▶ _Problem statement_: With the pictures left out, reproduce exactly the lines running from the line with "GENERAL INFORMATION All" to the last line of the material below.

▶ _Given information_:
——————————

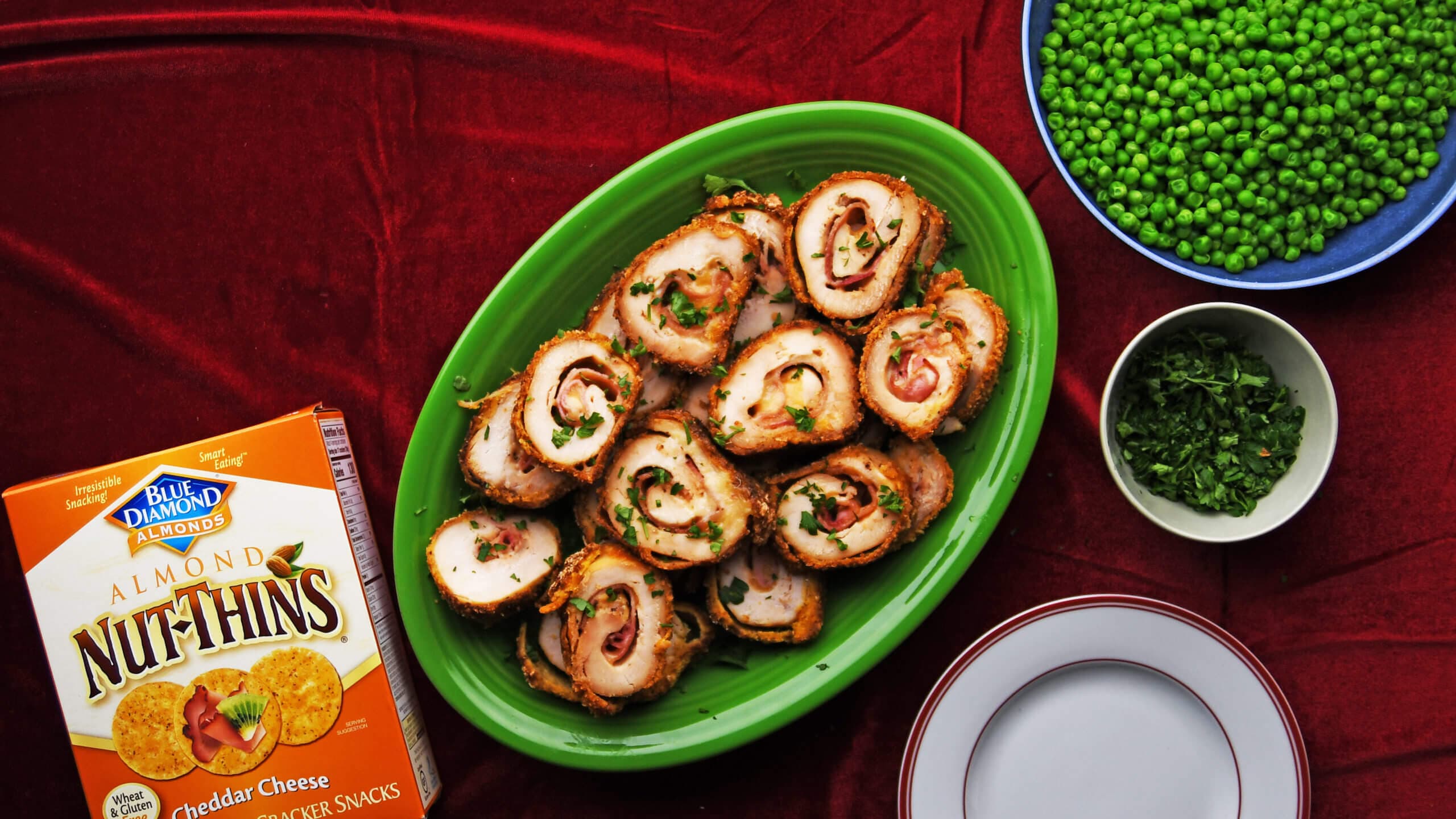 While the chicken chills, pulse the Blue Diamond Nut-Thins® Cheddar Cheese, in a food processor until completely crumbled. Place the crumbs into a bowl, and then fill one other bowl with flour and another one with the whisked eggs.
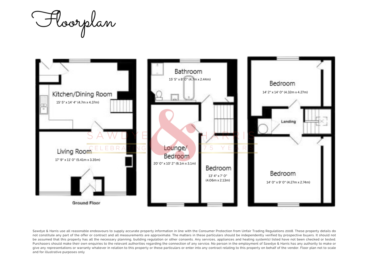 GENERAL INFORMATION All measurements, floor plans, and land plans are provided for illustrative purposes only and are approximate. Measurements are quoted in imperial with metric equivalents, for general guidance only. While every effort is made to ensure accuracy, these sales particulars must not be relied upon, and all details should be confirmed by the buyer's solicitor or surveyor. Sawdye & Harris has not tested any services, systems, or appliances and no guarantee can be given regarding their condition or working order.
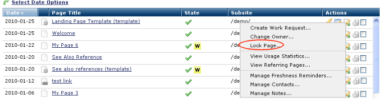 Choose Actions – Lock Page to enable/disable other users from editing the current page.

——————————

▶ _Result of the task_:
 GENERAL INFORMATION All measurements, floor plans, and land plans are provided for illustrative purposes only and are approximate. Measurements are quoted in imperial with metric equivalents, for general guidance only. While every effort is made to ensure accuracy, these sales particulars must not be relied upon, and all details should be confirmed by the buyer's solicitor or surveyor. Sawdye & Harris has not tested any services, systems, or appliances and no guarantee can be given regarding their condition or working order.
 Choose Actions – Lock Page to enable/disable other users from editing the current page.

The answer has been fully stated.